All records below must be reproduced exactly, although any pictures they contain are to be omitted.

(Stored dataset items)

BEGIN

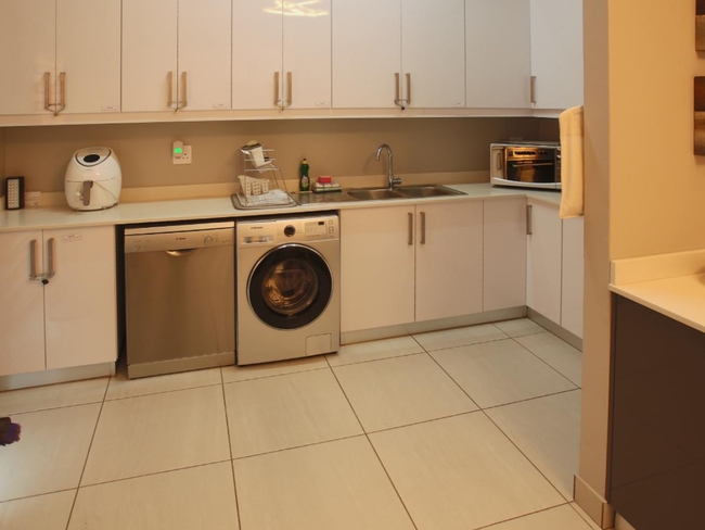 The main living area presents an open-plan layout. The kitchen is equipped with a gas stove, an electric oven, a microwave, a fridge-freezer, and a full set of cutlery and crockery, along with a breakfast bar and stools. A dishwasher and washing machine are also available for convenience.
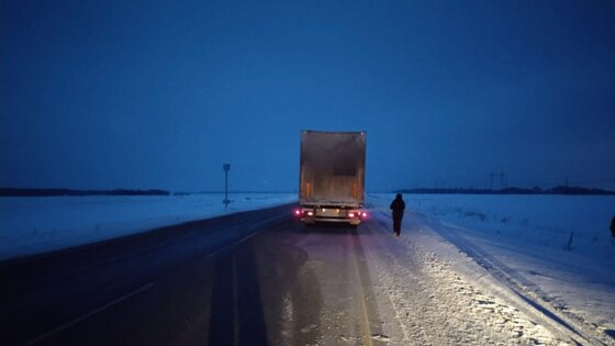 На 135 километре трассы дальнобойщик сбил пешехода, который двигался по проезжей части в попутном направлении. На одежде пешехода не было световозвращающих элементов.
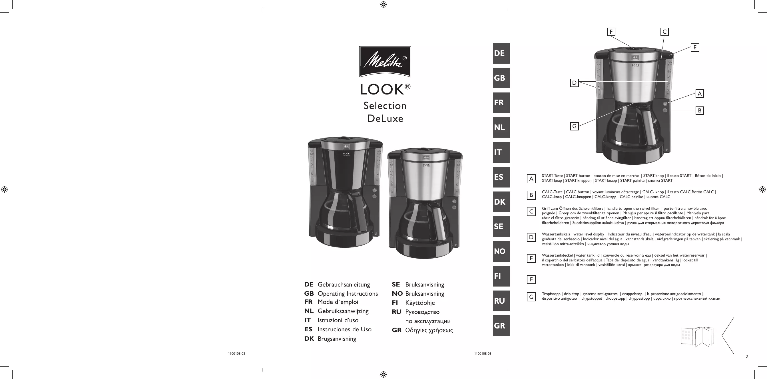 - Les matériaux d'emballage sont des matières premières et recyclables. Veuillez les réintégrer dans le circuit des matières premières. Beste klant, Hartelijk dank dat u gekozen hebt voor ons filterkoffiezetapparaat Look®. Wij wensen u veel plezier met uw aankoop. Deze gebruiksaanwijzing helpt u de veelzijdige mogelijkheden van het apparaat te leren kennen en zo het opperste koffiegenot te beleven. Wanneer u aanvullende informatie wenst of vragen heeft, kunt u contact opnemen met Melitta® of onze website bezoeken: www.melitta.be of www.melitta.nl Voor uw veiligheid Het apparaat voldoet aan de geldende Europese richtlijnen. Het apparaat is door onafhankelijke testinstituten gecontroleerd en gecertificeerd: Neem de veiligheidsinstructies en de gebruiksaanwijzing volledig door. Neem de veiligheids- en bedieningsinstructies in acht om gevaren te voorkomen. In geval van niet-naleving aanvaardt Melitta® geen aansprakelijkheid voor de eventueel ontstane schade.
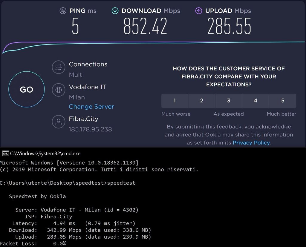 andre99818 Ho provato anche a fare uno speed test direttamente dall'app speedtest che si scarica dallo store di microsoft ed i risultati rispecchiano lo speedtest da terminale
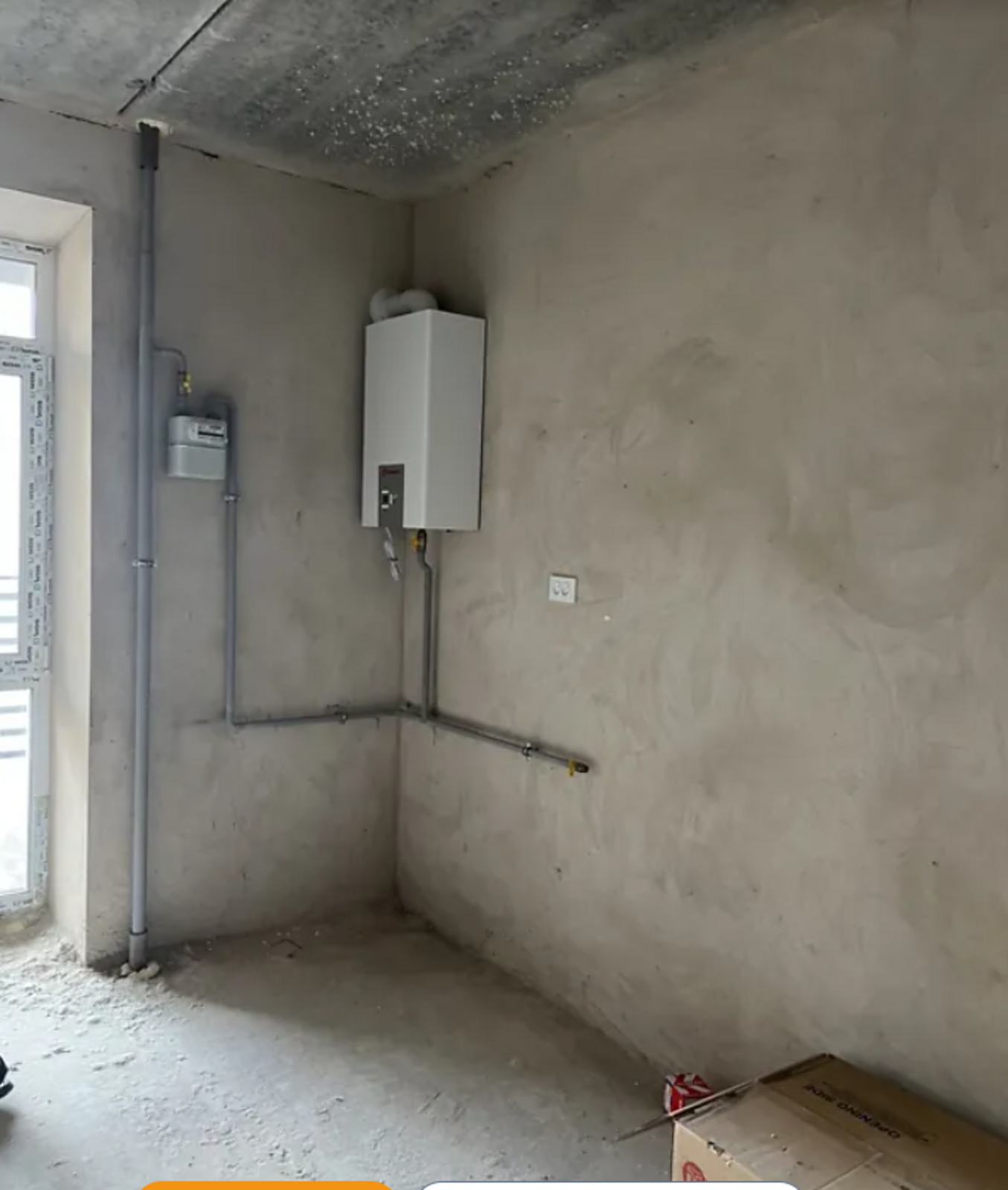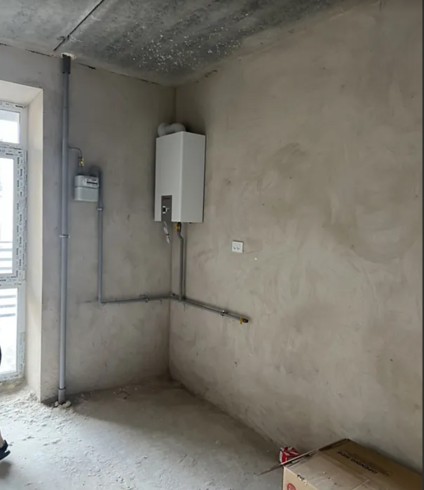 Індивідуальне опалення з двоконтурним котлом, лічильники, чорнова штукатурка,
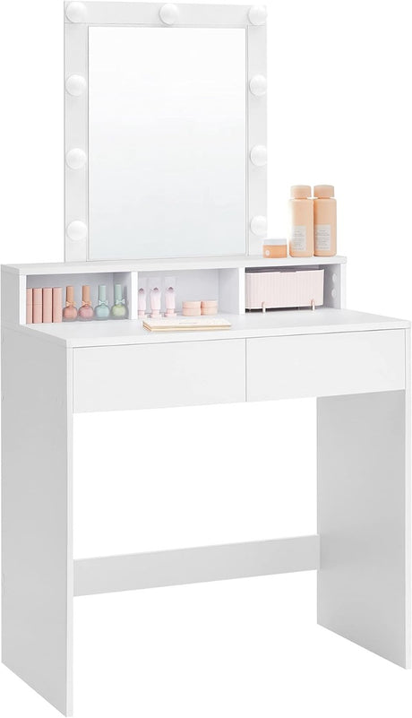 Schminktisch LED Beleuchtung Spiegel Schubladen, 80 x 40 x 140 cm, Weiss

END

▶ _Answer to the exercise_
 The main living area presents an open-plan layout. The kitchen is equipped with a gas stove, an electric oven, a microwave, a fridge-freezer, and a full set of cutlery and crockery, along with a breakfast bar and stools. A dishwasher and washing machine are also available for convenience.
 На 135 километре трассы дальнобойщик сбил пешехода, который двигался по проезжей части в попутном направлении. На одежде пешехода не было световозвращающих элементов.
 - Les matériaux d'emballage sont des matières premières et recyclables. Veuillez les réintégrer dans le circuit des matières premières. Beste klant, Hartelijk dank dat u gekozen hebt voor ons filterkoffiezetapparaat Look®. Wij wensen u veel plezier met uw aankoop. Deze gebruiksaanwijzing helpt u de veelzijdige mogelijkheden van het apparaat te leren kennen en zo het opperste koffiegenot te beleven. Wanneer u aanvullende informatie wenst of vragen heeft, kunt u contact opnemen met Melitta® of onze website bezoeken: www.melitta.be of www.melitta.nl Voor uw veiligheid Het apparaat voldoet aan de geldende Europese richtlijnen. Het apparaat is door onafhankelijke testinstituten gecontroleerd en gecertificeerd: Neem de veiligheidsinstructies en de gebruiksaanwijzing volledig door. Neem de veiligheids- en bedieningsinstructies in acht om gevaren te voorkomen. In geval van niet-naleving aanvaardt Melitta® geen aansprakelijkheid voor de eventueel ontstane schade.
 andre99818 Ho provato anche a fare uno speed test direttamente dall'app speedtest che si scarica dallo store di microsoft ed i risultati rispecchiano lo speedtest da terminale
 Індивідуальне опалення з двоконтурним котлом, лічильники, чорнова штукатурка,
 Schminktisch LED Beleuchtung Spiegel Schubladen, 80 x 40 x 140 cm, Weiss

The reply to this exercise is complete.